Following table shows vendor-dependent mappings. That is, beyond implementations, single code point on legacy character set can be mapped to multiple Unicode characters.
Canonic | Microsoft | JIS X 0208 Annex 5 | Code Point |
---|---|---|---|
U+203E | U+FFE3 | U+FFE3 | A1B1 |
U+2014 | U+2015 | A1BD | |
U+301C | U+FF5E | A1C1 | |
U+2016 | U+2225 | A1C2 | |
U+2212 | U+FF0D | A1DD | |
U+00A5 | U+FFE5 | U+FFE5 | A1EF |
U+00A2 | U+FFE0 | A1F1 | |
U+00A3 | U+FFE1 | A1F2 | |
U+00AC | U+FFE2 | A2CC | |
U+00A6 | U+FFE4 | 8FA2C3 |
Following table shows non-injective mappings. That is, beyond implementations, multiple code points on legacy character set will be mapped to single Unicode character.

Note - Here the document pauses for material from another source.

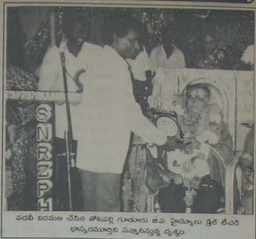
వరదీ బరమణుల చేసిన తోటవల్లి గూడూరు ఉప హైస్కూలు త్రిక లేవర భాస్కరయ్యలొద్ద సాంస్కృతిక ప్రదర్శన

లోక్ సభ 5వ పేజీ కొరవ కంటే 1556, 1762 ఓట్లు అధికంగా రాజకీయంపై తెచ్చుకున్నారు. నెలనూరులో 4,653 ఓట్లు, పోస్టులో బ్యాలెట్లో 376 ఓట్లు అధికంగా చూడమనే పనబాకలట్టి పరిశీలించి దొంగరిగారు. అసెంబ్లీ స్పీకర్ అయిన తెలుగుకేంకల పట్టిన, పార్లమెంటుకు పనబాక లక్షక 199 ఓట్లు మొదలు ప్రచారం జరిగినా ఎన్నికల ఫలితాలు వెలువడతే ఇది వట్టి మాటలనే మిగిలిపోయింది. రెండుసార్లు పనబాక ఎమ్మెల్యే పోటీ చేసినప్పుడు ఆమె ప్రత్యర్థులుగా మార్కెట్ పార్టీకి చెందిన భానురాజు, స్వర్ణలక్ష్మణులు వున్నారు. ఈసారి తెలుగుకేంకల పట్టిన అభ్యర్థి పోటీకి దిగడం ఆమె ప్రచారం పెద్దగా చెప్పకోక పోవడం తనకు ధీక లేదన్న ధీమాతో లక్షక వందనలో వెలువడతే పోటీకి క్షుణ్ణంకొంటారు. కర్నూరు కోటింగ్ పూర్తయిన కొద్దు, గూడూరు నియోజక వర్గాల్లో తనకు మొత్తం రాజీవం తెలుసుకొన్న మరుగునట్టి లక్షక ముఖం కల కచ్చియింది. ఏ ఎమ్మెల్యేలుగా పోటీయగా వివిధ అభివృద్ధి పనులు చేసినా ఆమె పట్టిన రోజు (అక్టోబరు 6)కే పరచాయాన్ని ఓట్లకు కానుకగా ఇచ్చడం చాదాకరమే అయినా ప్రభాకరెక్క తోధార్థం కదా! వ్యాయామ ఉపాధ్యాయుని పదవీ విరమణ తొలవ్విగూడూరు జిల్లా పరిషత్ హైస్కూల్లో వ్యాయామ ఉపాధ్యాయుని పనిచేస్తుండే భాగ్యరమణ్ణి 13వ పదవీ

Canonic | JIS X 0212 | IBM/NEC ext. | Unicode |
---|---|---|---|
ADE2 | 8FA2F1 | 8FF4AC | U+2116 |
ADE4 | 8FF4AD | U+2121 | |
ADB5 | 8FF3FD | U+2160 | |
ADB6 | 8FF3FE | U+2161 | |
ADB7 | 8FF4A1 | U+2162 | |
ADB8 | 8FF4A2 | U+2163 | |
ADB9 | 8FF4A3 | U+2164 | |
ADBA | 8FF4A4 | U+2165 | |
ADBB | 8FF4A5 | U+2166 | |
ADBC | 8FF4A6 | U+2167 | |
ADBD | 8FF4A7 | U+2168 | |
ADBE | 8FF4A8 | U+2169 | |
A2E5 | ADF5 | U+221A | |
A2DC | ADF7 | U+2220 | |
A2C1 | ADFB | U+2229 | |
A2C0 | ADFC | U+222A | |
A2E9 | ADF2 | U+222B | |
A2E8 | ADFA | U+2235 | |
A2E2 | ADF0 | U+2252 | |
A2E1 | ADF1 | U+2261 | |
A2DD | ADF6 | U+22A5 | |
ADEA | 8FF4AB | U+3231 |
- Note: ADxx, 8FF3xx and 8FF4xx are IBM/NEC extensions.
- Current index-jis0208.txt by WHATWG lacks mapping for 8FF3xx and 8FF4xx defined by eucjp-open.